Душан Митана - Конец игры
Он встал к обрезающему фрезеру, нажал кнопку. Прибавился еще один звук, высокий, вибрирующий, и этим начался его рабочий день: восемь часов он обрезал подошвы тупо, без единой мысли, автоматически брал с тележки на конвейере кожу, натянутую на деревянное копыто, дававшее возможность представить себе будущую форму башмака, проделывал необходимую операцию, опускал кожу обратно в тележку, брал следующую колодку и опять, и опять, иопятьиопятьиопять, тысяча двести пар, две тысячи четыреста кусков кожи, а круг беспрестанно равномерно двигался, восемь часов кряду, с пятнадцатиминутным перерывом, черт дери такую работу! Он не был особенно хватким — прошло немало времени, пока он наловчился нарабатывать впрок, чтоб на минуту-другую отскочить и сделать несколько затяжек.

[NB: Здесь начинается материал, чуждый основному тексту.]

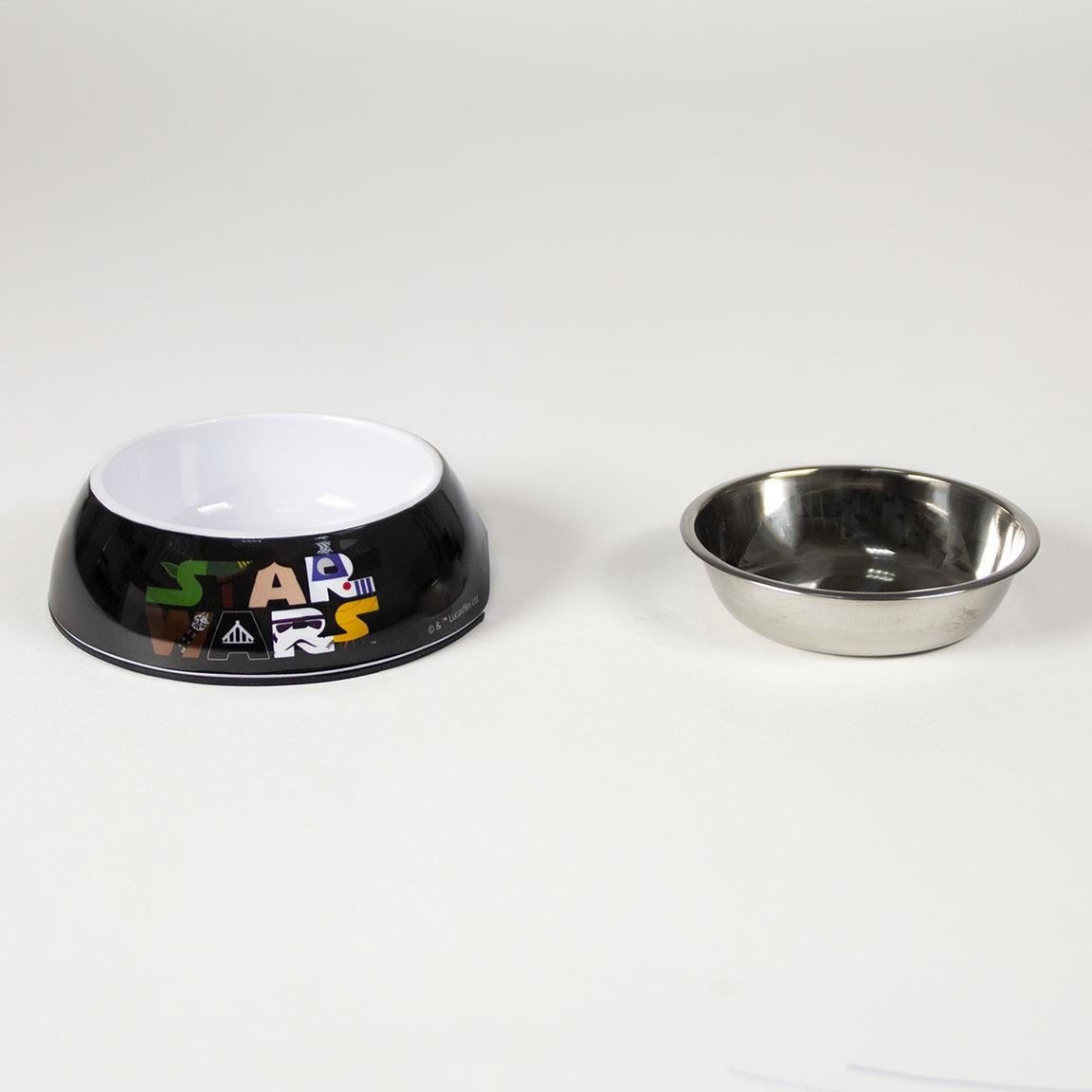 Comedero para perros antideslizante compuesto por dos piezas inspirado en la saga de Star Wars, con un diámetro de 22 centímetros, indicado para perros grandes fabricado en melamina y metal.
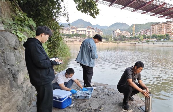 项目团队进行河水采样及快速检测
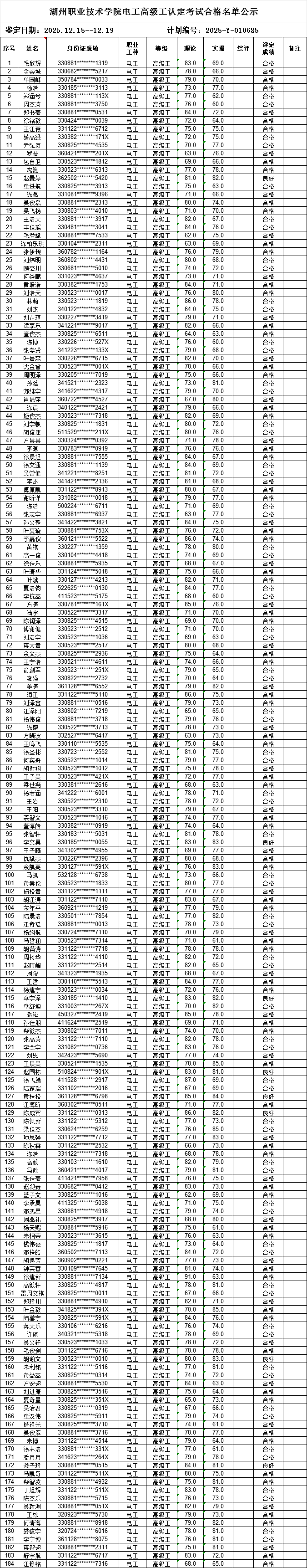2025年度12月份电工高级工职业技能等级认定工作已经结束(认定批次:2025-Y-010685,根据《湖州职业技术学院技能等级认定管理制度》,现将参加考核合格人员成绩予以公示,具体如下:
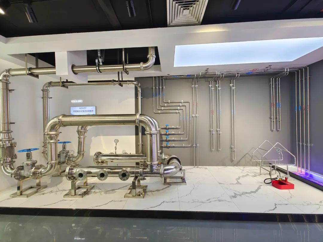 管道場景應用展廳是運營中心的核心亮點,展廳將商品房不銹鋼管道系統、不銹鋼管道循環活水系統、全屋健康用水系統專業化與系統化的展示,讓我們的產品應用場景化的體現出來。
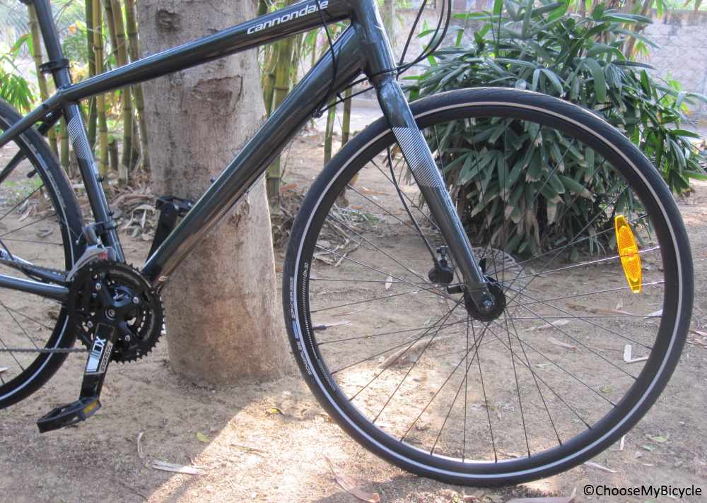The Schwalbe Spicer 7x3C tires has good control characteristics in all weather conditions, which make it the ideal tire for the city. The protective layer on the inside is stronger and safer. But at the same time they managed to make the material much more elastic, which gives a higher level of protection with good rolling resistance.The stock Cannondale Fitness Ergo saddle were ergonomic in shape and helped be sore free for a long time. But the material felt a little slippery with standard cycling clothes. The overall ride quality was fast on urban roads.
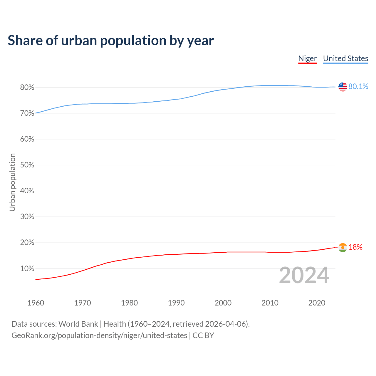 From 2004 to 2024, the share of urban population changed from 16.3% to 18% in Niger and from 80% to 80.1% in the United States.
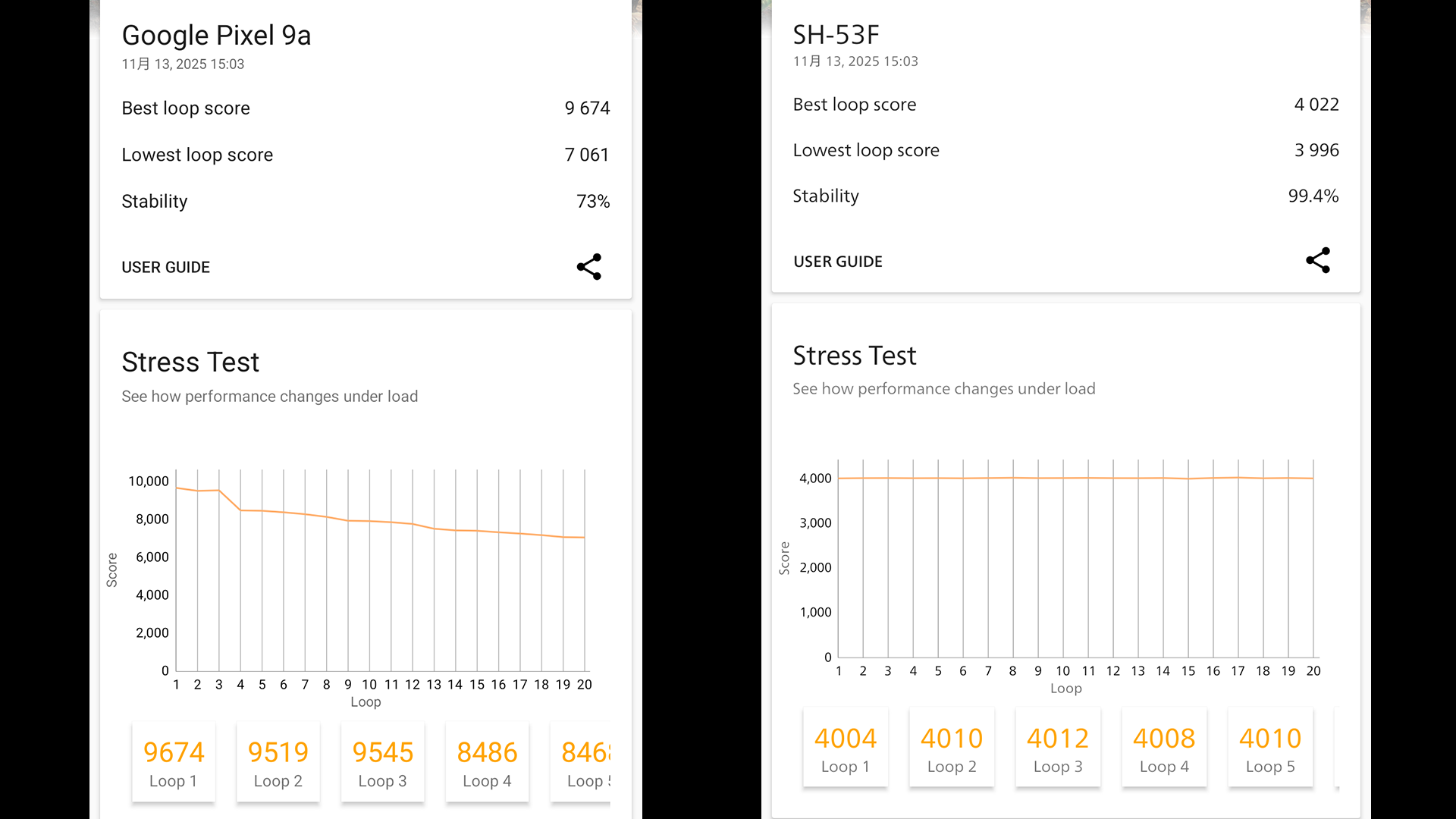 安定率で見るとAQUOS sense10の方が圧倒的ですがトップスコアでみるとPixel 9aが圧倒的です。単純にPixel 9aの方がパフォーマンスが高い分発熱しやすいから制御しているという感じです。
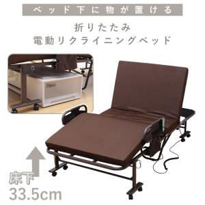 電動ベッド コンパクト 無段階 リクライニング ベッド シングル 下収納 高床式 折りたたみ マットレス付き 高反発ウレタン 省スペース キャスター【Ssize】
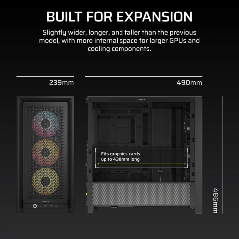GABINETE CORSAIR FRAME 4000D RS ARGB MODULAR MID-TOWER NEGRO CC-9011296-WW CON SISTEMA INFINIRAIL™, ILUMINACIÓN ARGB, SOPORTE PARA PLACAS BACK-CONNECT, 3 VENTILADORES RS120 ARGB INCLUIDOS, COMPATIBILIDAD ATX/EATX/MATX/MINI-ITX Y SOPORTE PARA RADIADORES DE 360 MM
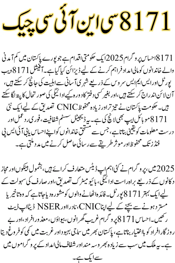 The 8171 Program 2025 offers faster registration, secure payments, and easier CNIC verification for Ehsaas and BISP beneficiaries.
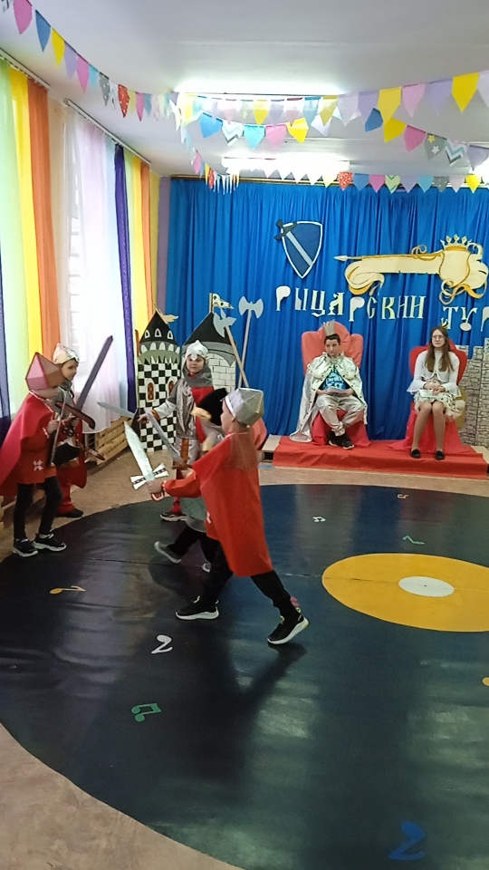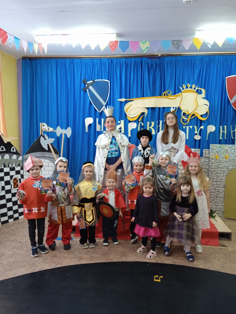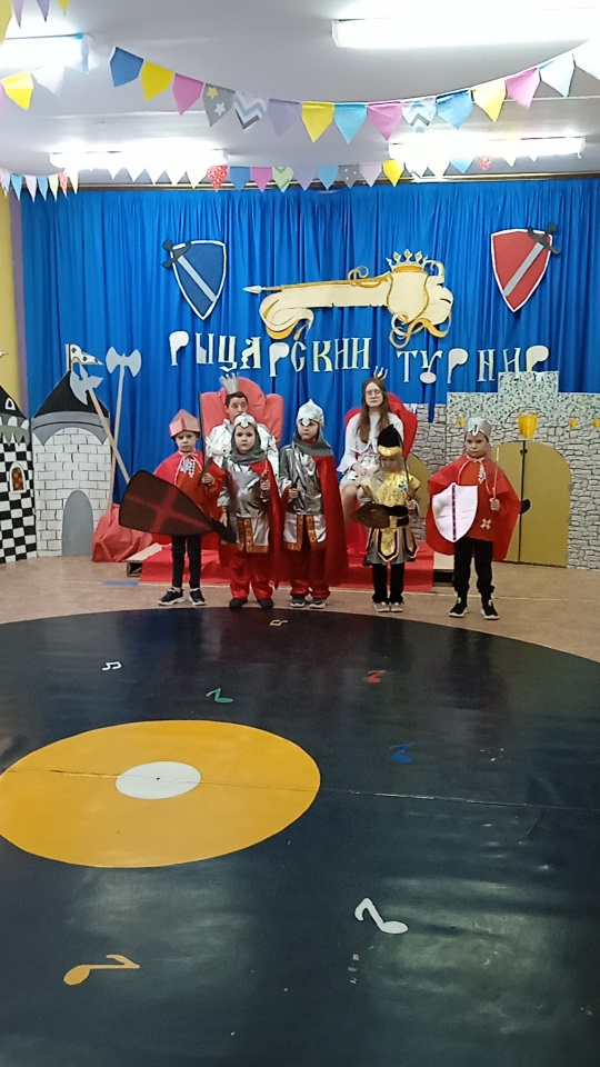 24 февраля для воспитанников разновозрастной группы в детском саду был организован спортивно-музыкальный праздник «Рыцарский турнир». Мероприятие было посвящено празднику 23 февраля: ведь рыцарь, прежде всего защитник. Во времена средневековья рыцарями были отважные, смелые воины. Будущим защитникам предстояло пройти ряд испытаний в конкурсах. В каждом соревновании нужно было проявить смекалку, логику и чувство юмора. Участники турнира с честью и достоинством выдержали предложенные им трудные испытания. Мальчишки показали, что на нашей земле растут настоящие защитники, способные проявить мужской характер, силу, смелость, упорство. В конце соревнований всех юных героев ожидал ритуал посвящения в рыцари и поздравление от "прекрасных принцесс".

Цибулёва Гита уже давно дразнила его. Рыжая, буйных пропорций женщина с вызывающими до непристойности округлостями, подчеркнутыми узким халатом, возбуждала в парнях похотливые желания — они не в силах были побороть в себе соблазн хоть раз за смену подойти и обжать ее. Она обрабатывала внутреннюю сторону подошвы — три раза проходилась по ней щеткой, смоченной в густом белом клею, и ее большие груди колыхались в том же ритме, в каком она мазала; работала она споро — одно заглядение! — бывало, и на пять тележек обгоняла других, а потом отдавалась художественно-образовательной деятельности: садилась на низкую табуретку и весь мир переставал для нее существовать — читала «Чахтицкую госпожу».[11] Ей было двадцать пять лет, она любила хлеб с салом и луком, Алжбету Батори и сосунков; он знал, что она дразнит его нарочно — всегда садилась так, чтобы глазами он спотыкался о ее раздвинутые ноги. Под распахнутым халатом, который задирался выше колен, виднелась тонкая розовая комбинация, а между зазывно открытыми ляжками, покрытыми нежным рыжим пушком, — кружевные трусики. Временами она поглядывала на него, а заметив, как он быстро и смущенно отворачивается, спокойно улыбалась и принимала еще более вызывающую позу. Из-за нее работа уже давно стала для него сущим адом. Она явно догадывалась о его побуждениях — проникнуть в тайну ее мощного, манящего тела… А уж потом — как ни верти — придется показать высокий класс работы, думал он с тревогой и делал вид, что рассматривает сложную структуру паутины под потолком.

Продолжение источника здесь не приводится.